As shown, one difficulty system only targets a thin “column” in the difficulty space. However, if we added another system…

quadrantChart
  title BMS & O2JAM Difficulty Systems
  x-axis RC Oriented --> LN Oriented
  y-axis Easy --> Hard
  quadrant-1 Hard LN
  quadrant-2 Hard RC
  quadrant-3 Easy RC
  quadrant-4 Easy LN
  BMS Lv.1: [0.25, 0.12]
  BMS Lv.3: [0.2, 0.2]
  BMS Lv.5: [0.26, 0.24]
  BMS Lv.7: [0.27, 0.3]
  BMS Lv.9: [0.22, 0.4]
  BMS Lv.11: [0.12, 0.44]
  BMS Lv.15: [0.4, 0.6]
  BMS Lv.19: [0.18, 0.7]
  BMS Lv.21: [0.13, 0.8]
  BMS Lv.22: [0.3, 0.9]
  O2Jam Lv.10: [0.85, 0.12]
  O2Jam Lv.20: [0.8, 0.2]
  O2Jam Lv.30: [0.6, 0.24]
  O2Jam Lv.40: [0.79, 0.3]
  O2Jam Lv.50: [0.68, 0.4]
  O2Jam Lv.60: [0.59, 0.44]
  O2Jam Lv.80: [0.75, 0.55]
  O2Jam Lv.100: [0.78, 0.76]
  O2Jam Lv.105: [0.83, 0.85]
  O2Jam Lv.110: [0.68, 0.95]

It can populate the empty space… however, the immediate issue that veteran players have is the assertion that BMS Lv. X is equal in difficulty to O2Jam LV. Y.

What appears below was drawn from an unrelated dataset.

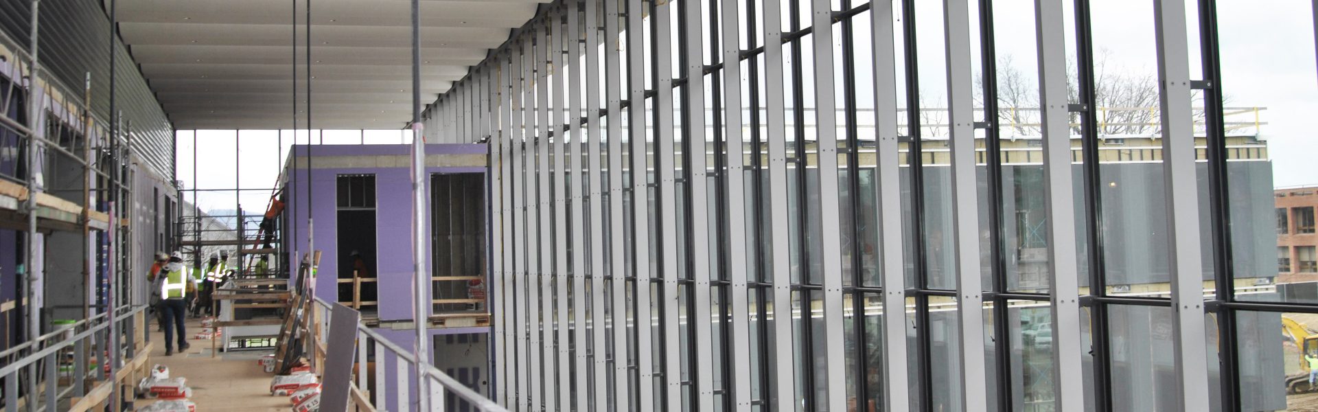 Work is progressing swiftly at the new Amherst College Science Center, set to welcome classes and research activities in the Summer of 2018. Nearly complete are several important building enclosure and mechanical systems that will work together to make this one of the most energy efficient buildings of its kind.

You see, difficulty systems are mostly correct within each system, however, there’s no guarantee that it works between systems. Therefore, an RC player could see the space as follows:

quadrantChart
  title BMS & O2JAM Difficulty System (Take 2)
  x-axis RC Oriented --> LN Oriented
  y-axis Easy --> Hard
  quadrant-1 Hard LN
  quadrant-2 Hard RC
  quadrant-3 Easy RC
  quadrant-4 Easy LN
  BMS Lv.1: [0.25, 0.21]
  BMS Lv.3: [0.2, 0.24]
  BMS Lv.5: [0.26, 0.27]
  BMS Lv.7: [0.27, 0.30]
  BMS Lv.9: [0.22, 0.35]
  BMS Lv.11: [0.12, 0.37]
  BMS Lv.15: [0.4, 0.45]
  BMS Lv.19: [0.18, 0.52]
  BMS Lv.21: [0.13, 0.56]
  BMS Lv.22: [0.3, 0.6]
  O2Jam Lv.10: [0.85, 0.12]
  O2Jam Lv.20: [0.8, 0.2]
  O2Jam Lv.30: [0.6, 0.24]
  O2Jam Lv.40: [0.79, 0.3]
  O2Jam Lv.50: [0.68, 0.4]
  O2Jam Lv.60: [0.59, 0.44]
  O2Jam Lv.80: [0.75, 0.55]
  O2Jam Lv.100: [0.78, 0.76]
  O2Jam Lv.105: [0.83, 0.85]
  O2Jam Lv.110: [0.68, 0.95]

Because their strong suit is RC, anything that’s LN is substantially more difficult.

This isn’t all for naught though, we do have a way to relatively estimate difficulty for each system by referencing these difficulty systems, however it calls for a robust approach to match levels across systems.

Additionally, maps not in the dan courses, but yet are accurately manually rated can be considered too!

Difficulty System Matching

To recap, when we use 2 separate difficulty systems, we have difficulty determining what “levels” of the system should equate. In other words, determining if a BMS Lv.X be slotted in the same pool as a O2Jam Lv.Y. The simplest approach is to ask multiple test-players to play maps across these systems, effectively, connecting the dots. However, it’s easy to see that conducting this large-scale experiment is not only a logistics hell but also high effort.